ROANOKE TIMES

                         Roanoke Times
                 Copyright (c) 1995, Landmark Communications, Inc.

DATE: MONDAY, August 14, 1995                   TAG: 9508140015
SECTION: BUSINESS                    PAGE: A8   EDITION: METRO 
SOURCE: By JANE BRYANT QUINN WASHINGTON POST WRITERS GROUP
DATELINE: NEW YORK                                 LENGTH: Medium


BEWARE OF MAGAZINE STOCK `PORN'

SOME MAGAZINE hot picks are just that: `sexy' stocks the magazines, not analysts, have chosen to be the next big money maker.

Personal-finance magazines are purveying what I call investment porn: stories with headlines like TEN FUNDS SURE TO GO UP! SAFE WAYS TO MAKE 10 PERCENT! DIAL HOT-STOX!

We're getting these stories because we love them. They tickle our prurient financial interest. But they present a false picture of what good investing is about.

Sometimes the porn is mainly the headline - as in the latest Money magazine, tabloid-headed THE NEW WAY TO MAKE MONEY IN FUNDS TODAY. What's ``new'' turns out to be the familiar index funds (which follow the stock market as a whole) spiced up with some sexier funds on the side. Those side funds are touted as ``market beaters,'' although who can be sure? Maybe they will be, maybe not.

``What's a headline?'' shrugs Money Managing Editor Frank Lalli. ``It's a shouted message down a crowded bar.'' The porn test isn't the headline, Lalli argues, but whether the story is anchored in reality.

Even by this test, the anchor isn't holding firm. Personal-finance publications are crowding the field - Smart Money, Worth, new weekly newspaper sections. Kiplinger's venerable Changing Times reinvented itself as Kiplinger's Personal Finance Magazine. In this tough and competitive market, publications that merely dispense information will see their readership melt away. Investors want action and timely advice. Even if they're not buying stocks right now, they want to peep.

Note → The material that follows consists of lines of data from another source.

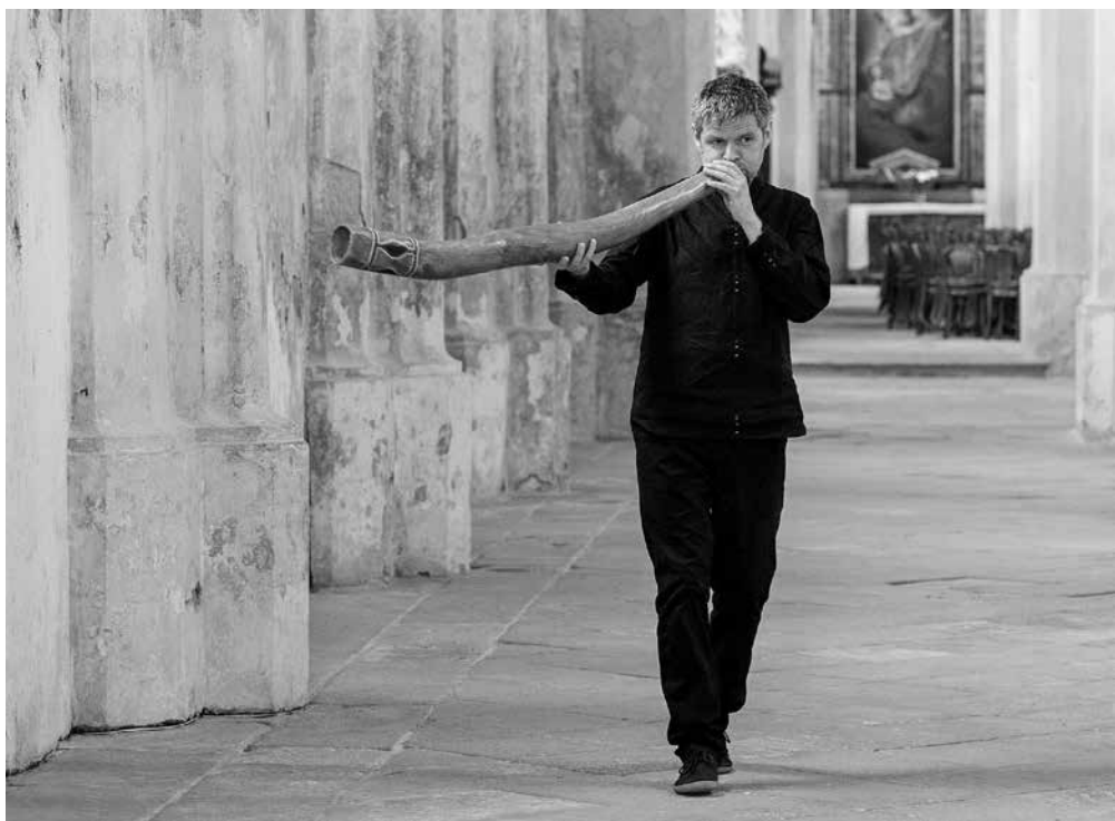
V sobotu 17. 12. uslyšíte u Salvátora projekt Trans Organic.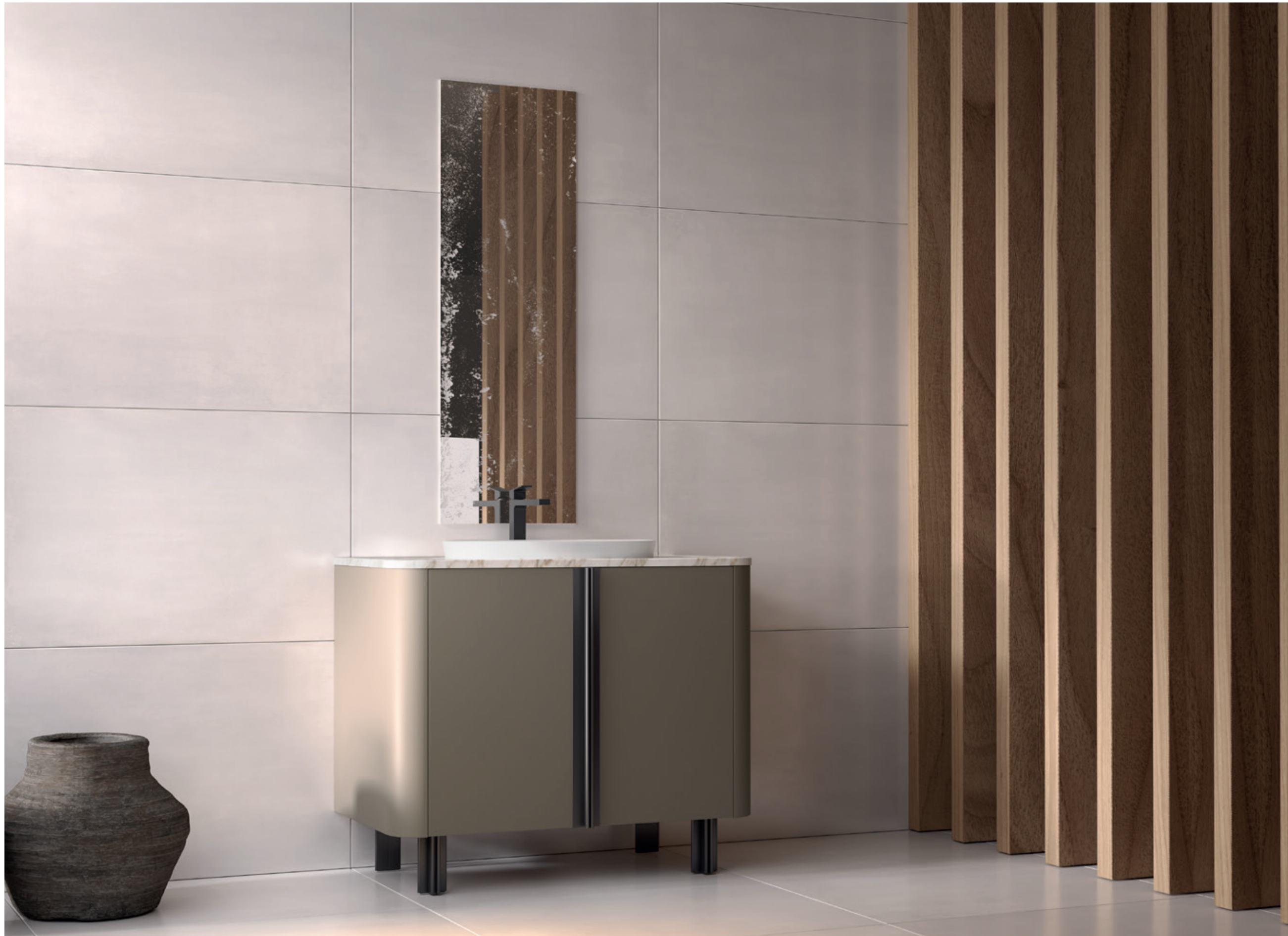
LENOX HILL 02 L 100 / P 52 / H 230 cm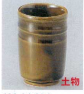
438-34-254 織部コップ 320円 5.8×8.9cm(140cc) 20入 46532253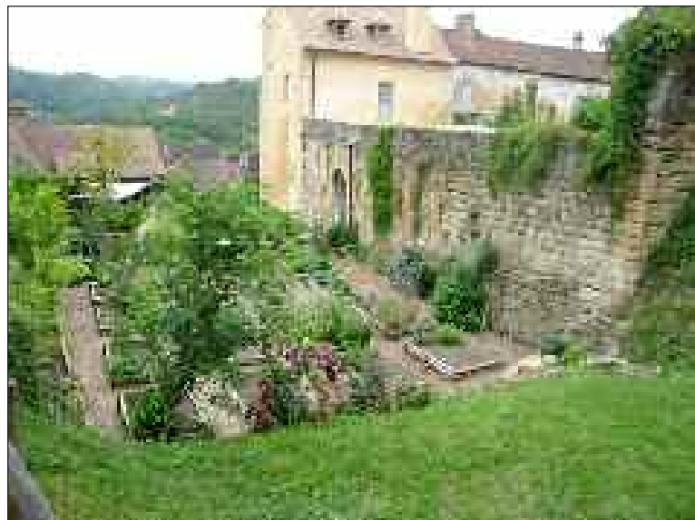
Possibilité de visiter le jardin médiéval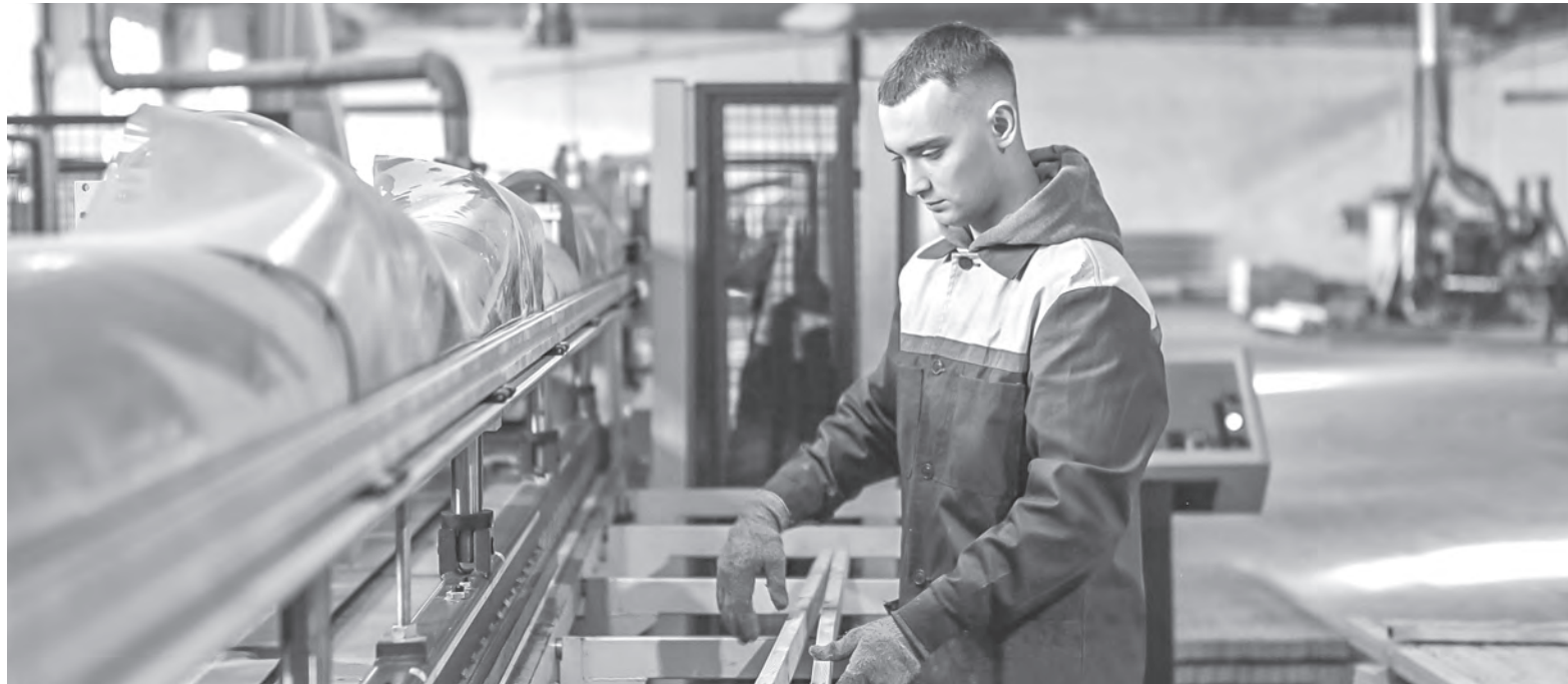
Молодым специалистам в ОАО «ФандОК» компенсируют расходы по найму жилья на протяжении всего срока отработки.

В профсоюзах проходит отчетно-выборная кампания. В первичках подводят «местные» итоги и избирают своих лидеров.

So journalists are increasingly making specific investment recommendations. Instead of ``analyst Bigdome picks the following stocks,'' it's ``Money magazine picks'' or ``Smart Money picks.'' Instead of listing the latest performance of mutual funds, some magazines rate them with ``up'' and ``down'' arrows or letter grades. The grades merely highlight past performance, adjusted for risk or market conditions. But readers generally use them as investment guides. There may even be a ``best buy'' list.

How good are the journalists' picks? Smart Money's current cover crows the 10 stocks picked by writer James Stewart in 1992 have risen an average of 150 percent. Lalli boasts Money's chief investment strategist, Michael Sivy, ``has called market turns with remarkable accuracy.'' But no systematic work has been done on how readers might fare if they rely on magazines for investment advice.

A couple of small studies, by stockbrokers with an ax to grind, have asked some interesting questions about journalistic research. One, published in a trade magazine called Registered Representative, looked at ratings some magazines gave to mutual funds and concluded they didn't predict how the funds would do. An internal study by the Smith Barney Consulting Group looked at the stock picks in four of Money's forecast stories; in the following year, they underperformed the market average.

These two studies have problems. Money magazine preaches long-term investing, not quick sales after one year; the Registered Rep piece glossed over some serious measurement issues. But the questions they raise deserve to be answered. If journalists join the stock-picking circus, they have to expect their investment recommendations to be tested for results. That's going to be hard on such story staples as DOUBLE YOUR MONEY IN THREE YEARS!

The verdict is already in for viewers who seek quick profits from ``Wall Street Week,'' Louis Rukeyser's popular Friday night broadcast. A study by Norman Fosback, editor of Market Logic in Fort Lauderdale, Fla., found the stocks recommended by Rukeyser's guests tend to rise in the two weeks before the show. They spike up the following Monday - generally the next market day for viewers to buy recommended stocks - hover there for a week and then drop back to the market trend.

I don't do stock tips. My taste runs to index funds, bought and held, and mutual funds in any market that just collapsed. But Newsweek magazine, which I also write for, provides tips the old-fashioned way: by interviewing money managers and letting them tout their favorite stocks.

Smart Money's James Stewart said he'd be ``horrified'' if readers relied on him for stock picks rather than doing their own research. That seems ingenuous. Why else would his prowess be touted on the magazine's cover? So far, I wish I'd invested with him. But everyone's a genius when markets go up.

Personal-financial magazines have a lot of investment smarts. They're wonderful teachers. They provide new ideas and good suggestions for correcting your course. But if you keep hopping to the hot funds they tout each month, you're often buying just when the fund is about to flag. Smart investors set up an automatic investment program, with a limited number of funds, and let it ride.